Assigned task: From the line with "This lithograph, created" through the line with "NEW Vention Hub", repeat the entries verbatim, both end lines included, and add nothing.

START Data in this exercise

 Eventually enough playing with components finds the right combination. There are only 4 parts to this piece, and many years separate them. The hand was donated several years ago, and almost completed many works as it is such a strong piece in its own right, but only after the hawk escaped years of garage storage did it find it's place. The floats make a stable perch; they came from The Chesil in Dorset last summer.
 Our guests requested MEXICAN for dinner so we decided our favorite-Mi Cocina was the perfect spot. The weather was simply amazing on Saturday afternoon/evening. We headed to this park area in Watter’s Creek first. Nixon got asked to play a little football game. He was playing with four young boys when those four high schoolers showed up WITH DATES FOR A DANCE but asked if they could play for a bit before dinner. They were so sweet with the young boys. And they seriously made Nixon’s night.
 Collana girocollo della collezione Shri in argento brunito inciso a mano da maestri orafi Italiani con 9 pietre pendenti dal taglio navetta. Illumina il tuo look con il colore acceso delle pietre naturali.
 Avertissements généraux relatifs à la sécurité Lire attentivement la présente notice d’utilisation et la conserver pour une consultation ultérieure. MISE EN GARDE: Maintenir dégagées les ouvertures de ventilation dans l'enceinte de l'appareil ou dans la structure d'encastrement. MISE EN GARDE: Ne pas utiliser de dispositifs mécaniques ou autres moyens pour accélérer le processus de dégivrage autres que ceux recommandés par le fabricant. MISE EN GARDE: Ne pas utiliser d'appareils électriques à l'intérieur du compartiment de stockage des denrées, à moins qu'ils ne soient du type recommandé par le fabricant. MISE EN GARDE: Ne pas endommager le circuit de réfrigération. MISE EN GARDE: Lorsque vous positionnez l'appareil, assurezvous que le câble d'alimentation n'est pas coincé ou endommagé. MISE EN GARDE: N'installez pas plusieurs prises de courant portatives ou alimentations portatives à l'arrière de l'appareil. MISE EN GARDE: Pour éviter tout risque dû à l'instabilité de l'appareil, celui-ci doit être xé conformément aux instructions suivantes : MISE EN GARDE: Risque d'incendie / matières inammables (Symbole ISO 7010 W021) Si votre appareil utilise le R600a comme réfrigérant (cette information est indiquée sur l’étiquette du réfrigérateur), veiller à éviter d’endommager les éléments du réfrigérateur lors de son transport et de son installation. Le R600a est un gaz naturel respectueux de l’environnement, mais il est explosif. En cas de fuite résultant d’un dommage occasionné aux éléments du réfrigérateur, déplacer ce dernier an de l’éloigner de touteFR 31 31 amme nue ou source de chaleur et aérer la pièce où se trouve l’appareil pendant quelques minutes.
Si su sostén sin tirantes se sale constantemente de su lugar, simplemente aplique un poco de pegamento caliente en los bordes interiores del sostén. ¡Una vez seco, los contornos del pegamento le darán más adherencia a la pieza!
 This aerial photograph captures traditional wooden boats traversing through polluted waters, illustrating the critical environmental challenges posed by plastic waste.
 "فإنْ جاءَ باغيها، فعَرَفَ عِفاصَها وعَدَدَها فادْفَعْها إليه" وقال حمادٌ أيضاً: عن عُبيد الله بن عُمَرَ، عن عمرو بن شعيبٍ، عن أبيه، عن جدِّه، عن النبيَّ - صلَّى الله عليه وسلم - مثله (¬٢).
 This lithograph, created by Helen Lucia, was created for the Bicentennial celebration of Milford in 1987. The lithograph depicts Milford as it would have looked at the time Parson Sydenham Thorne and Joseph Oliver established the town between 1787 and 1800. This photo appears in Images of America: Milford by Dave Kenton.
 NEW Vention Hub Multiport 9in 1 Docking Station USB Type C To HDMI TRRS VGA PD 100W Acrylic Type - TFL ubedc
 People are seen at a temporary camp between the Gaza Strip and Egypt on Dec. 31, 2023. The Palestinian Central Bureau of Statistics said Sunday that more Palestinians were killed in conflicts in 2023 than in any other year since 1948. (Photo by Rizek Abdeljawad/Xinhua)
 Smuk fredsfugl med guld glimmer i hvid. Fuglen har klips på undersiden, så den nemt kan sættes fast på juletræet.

END Data in this exercise

The answer:
 This lithograph, created by Helen Lucia, was created for the Bicentennial celebration of Milford in 1987. The lithograph depicts Milford as it would have looked at the time Parson Sydenham Thorne and Joseph Oliver established the town between 1787 and 1800. This photo appears in Images of America: Milford by Dave Kenton.
 NEW Vention Hub Multiport 9in 1 Docking Station USB Type C To HDMI TRRS VGA PD 100W Acrylic Type - TFL ubedc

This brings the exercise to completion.